Normal Pulled 27m kubelet, node-11 Successfully pulled image “business-image”
Normal Created 27m kubelet, node-11 Created container business-app
Normal Started 27m kubelet, node-11 Started container business-app

Would expect to see additional containers for istio-init / istioproxyv2 in the pod.
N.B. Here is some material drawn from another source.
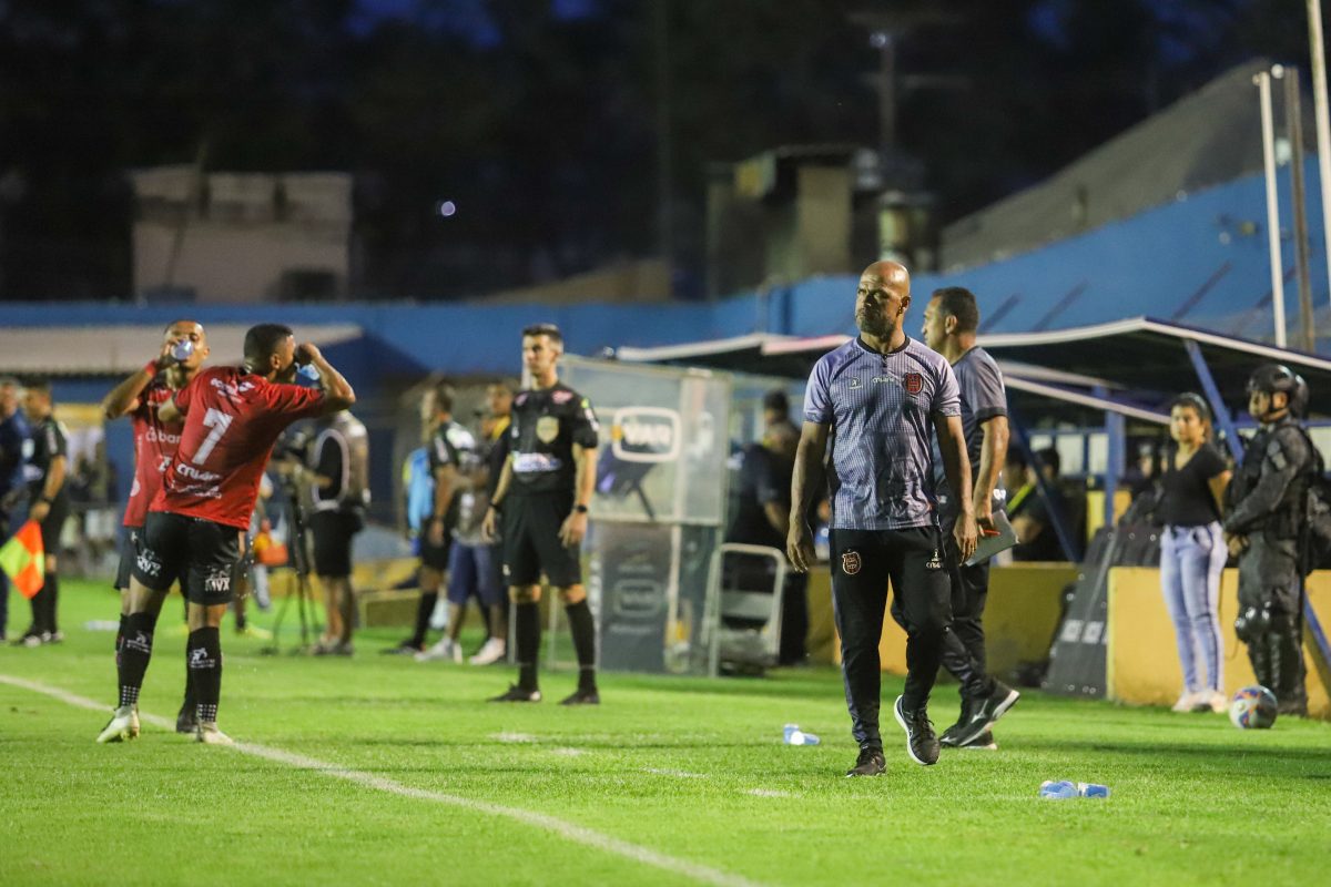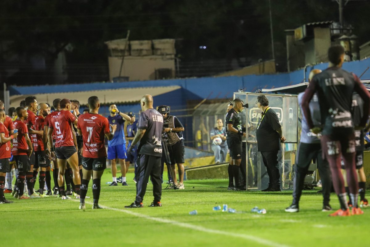 Dono da casa, o Lobo tinha mais posse de bola e tomava a iniciativa. Mas as perseguições individuais dificultavam, por exemplo, as aparições de Cesinha, cuidado de perto por Rael. Esse cenário tático mudou com meia hora de clássico. Aos 27 minutos, Guilherme Cerqueira deu carrinho em Michel Douglas. No VAR, Rodrigo Brand da Silva orientou revisão do lance no monitor. Echevarria decidiu expulsar o zagueiro rubro-negro.

kubectl describe pod istio-sidecar-injector -n istio-system

Name: istio-sidecar-injector
Namespace: istio-system
Priority: 0
PriorityClassName:
Node: node-11/
Start Time: Wed, 04 Sep 2019 09:46:20 +0100
Labels: app=sidecarInjectorWebhook
chart=sidecarInjectorWebhook
heritage=Tiller
istio=sidecar-injector
pod-template-hash=79b6dfd884
release=istio
Annotations: sidecar.istio.io/inject: false
Status: Running
IP:
Controlled By: ReplicaSet/istio-sidecar-injector
Containers:
sidecar-injector-webhook:
Container ID: hidden
Image: hidden
Image ID: hidden
Port:
Host Port:
Args:
–caCertFile=/etc/istio/certs/root-cert.pem
–tlsCertFile=/etc/istio/certs/cert-chain.pem
–tlsKeyFile=/etc/istio/certs/key.pem
–injectConfig=/etc/istio/inject/config
–meshConfig=/etc/istio/config/mesh
–healthCheckInterval=2s
–healthCheckFile=/health
State: Running
Started: Wed, 04 Sep 2019 09:46:29 +0100
Ready: True
Restart Count: 0
Requests:
cpu: 10m
Liveness: exec [/usr/local/bin/sidecar-injector probe --probe-path=/health --interval=4s] delay=4s timeout=1s period=4s #success=1 #failure=3
Readiness: exec [/usr/local/bin/sidecar-injector probe --probe-path=/health --interval=4s] delay=4s timeout=1s period=4s #success=1 #failure=3
Environment:
Mounts:
/etc/istio/certs from certs (ro)
/etc/istio/config from config-volume (ro)
/etc/istio/inject from inject-config (ro)
/var/run/secrets/kubernetes.io/serviceaccount from istio-sidecar-injector-service-account-token-79h8k (ro)
Conditions:
Type Status
Initialized True
Ready True
ContainersReady True
PodScheduled True
Volumes:
config-volume:
Type: ConfigMap (a volume populated by a ConfigMap)
Name: istio
Optional: false
certs:
Type: Secret (a volume populated by a Secret)
SecretName: istio.istio-sidecar-injector-service-account
Optional: false
inject-config:
Type: ConfigMap (a volume populated by a ConfigMap)
Name: istio-sidecar-injector
Optional: false
istio-sidecar-injector-service-account-token:
Type: Secret (a volume populated by a Secret)
SecretName: istio-sidecar-injector-service-account-token
Optional: false
QoS Class: Burstable
Node-Selectors:
Tolerations: node.kubernetes.io/not-ready:NoExecute for 300s
node.kubernetes.io/unreachable:NoExecute for 300s
Events:
Type Reason Age From Message

Normal Scheduled 60m default-scheduler Successfully assigned istio-system/istio-sidecar-injector to node-11
Warning FailedMount 60m (x4 over 60m) kubelet, node-11 MountVolume.SetUp failed for volume “certs” : secret “istio.istio-sidecar-injector-service-account” not found
Normal Pulled 60m kubelet, node-11 Container image “istio/sidecar_injector:1.2.3” already present on machine
Normal Created 60m kubelet, node-11 Created container sidecar-injector-webhook
Normal Started 60m kubelet, node-11 Started container sidecar-injector-webhook

I have tried purging istio from the cluster and reinstalling from scratch, however still hit the same error.
Pretty lost for what to try next if you can give any suggestions for additional troubleshooting?

2

This error was because I was missing the files/injection-template.yaml from my istio helm install directory, which is referenced in the sidecar-injection-configmap.yaml, so it was missing the template to inject the pods with, hence the null values.

Adding the file into the correct relative directory fixed my issues.